So I’ve been doing the research, the reading, the prayers, the experimental living, and I’ve come to the conclusion that this is going to be OK if I just live for my kids and my husband and try to make a happy life for them.
Sometimes you’re thinking about petting the dog, but you know that if you do, you’re hands will stink, and you’ll get fur all over your clothes, but to heck with it. You might as well go for it, and enjoy the dog, because when he’s happy, he’s not chewing up your shoes, or your couch, or barking incessantly, and therefore, you’re happy.
And when you’re engaged with your kids, they’re not off tearing up the house, and fighting with each other. They’re not leaving home, looking for something else to do. You might as well go all in, and clean the kitchen, and fold the laundry, and create order out of chaos, like God did, because order is beautiful, and it delights the mind and senses, and encourages creative thinking.
It’s gratifying to see that a few of the plants in my flowerbed have made it through the ground this spring. Between the dog chewing up the saplings, and the kids scuttling through, not to mention all the snow and later frosts we had this year, I thought I might be starting from scratch again. As it is, there’s a maimed forsythia showing signs of life, a few dog-eared hosta leaves unfolding and a very persistent silver lace vine, which I’ve learned is an invasive species.

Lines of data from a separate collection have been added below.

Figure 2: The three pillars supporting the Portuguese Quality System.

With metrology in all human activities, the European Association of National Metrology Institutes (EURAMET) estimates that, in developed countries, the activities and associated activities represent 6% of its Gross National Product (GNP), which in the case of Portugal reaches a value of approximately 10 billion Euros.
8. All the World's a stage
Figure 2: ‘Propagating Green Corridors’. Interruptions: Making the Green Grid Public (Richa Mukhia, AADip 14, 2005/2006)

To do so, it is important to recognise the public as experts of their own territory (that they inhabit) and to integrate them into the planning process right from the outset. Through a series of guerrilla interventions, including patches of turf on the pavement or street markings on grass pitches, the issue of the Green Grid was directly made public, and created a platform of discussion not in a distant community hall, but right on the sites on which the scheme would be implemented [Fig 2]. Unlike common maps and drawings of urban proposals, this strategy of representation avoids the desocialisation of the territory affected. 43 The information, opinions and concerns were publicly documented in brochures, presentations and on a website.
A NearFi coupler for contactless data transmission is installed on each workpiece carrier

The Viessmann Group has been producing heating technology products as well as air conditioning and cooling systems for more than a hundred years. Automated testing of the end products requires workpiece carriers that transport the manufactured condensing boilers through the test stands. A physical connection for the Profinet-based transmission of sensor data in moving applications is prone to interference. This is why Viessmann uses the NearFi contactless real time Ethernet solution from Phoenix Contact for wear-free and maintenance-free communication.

It’s a garden of wounded survivors, sort of like the rest of us. But they are what they are, real, present and alive, absentmindedly sown, but seeking now a loving steward.

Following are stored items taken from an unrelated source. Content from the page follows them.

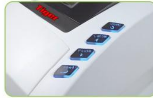
4 function buttons + flash indication
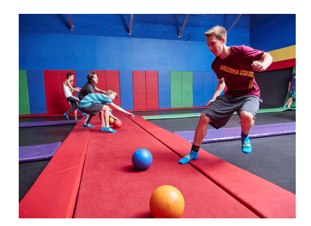
Teddy Bear Tea Time

Children ages 6 and under are invited to bring their favorite teddy bear to jump and play with at AZ Air Time trampoline park from 10 a.m. to noon. Complimentary iced tea, lemonade and cookies will be served to the children. Coffee will also be served to the parents. Special admission pricing is $6 per hour per child. Foam pit and rock wall climbing is included with admission. Jump socks are required.
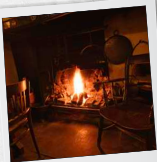
The Crosskeys Inn

I asked the five year old what he wanted to do today because he had already spent much of the morning in passive aggressive pursuits, locking the baby out of my room, hitting the dog with a pillow, slowly pushing things off the couch. I wanted to send him outside when the baby went down for a nap but he said he wanted “to learn,” which meant I’d have to teach.

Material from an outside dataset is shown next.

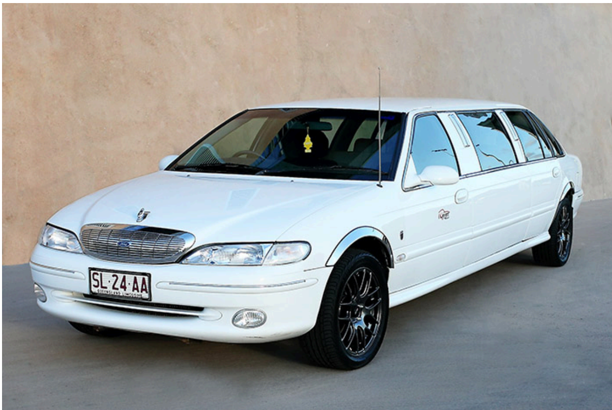
Ford Fairlane Ghia Stretch Limousine

Teaching is a challenge for me because I have to slow down and explain the things I take for granted, and its hard to muster the same enthusiasm for teaching the fifth child I felt in teaching the first. He’s not a quick learner; I rarely see improvement from one lesson to the next. Every day, the same letters, the same sounds, and somehow it’s as if he’s never seen them before. Still you can’t turn down a child who requests to learn–even if he has no idea what he wants to be taught.
So we drew ants and the letter A, wrote the word ant, then went outside to find some real ones. And then he was ready to be done learning–skipping off happily outside to other pursuits that he could trick himself into believing were not “learning” activities.
I’ve been taking the older boys with me when I run. They can be a bit like aerosol cans when they come home from school, contents under pressure, ready to vaporize when pressed. We all do better with some sport, not unlike puppies that need a walk every day in order to be tame, but wrestling season is over, and soccer is not every day, and we have no wood to chop nor barns that need raising, so we have to fabricate reasons to exhaust ourselves.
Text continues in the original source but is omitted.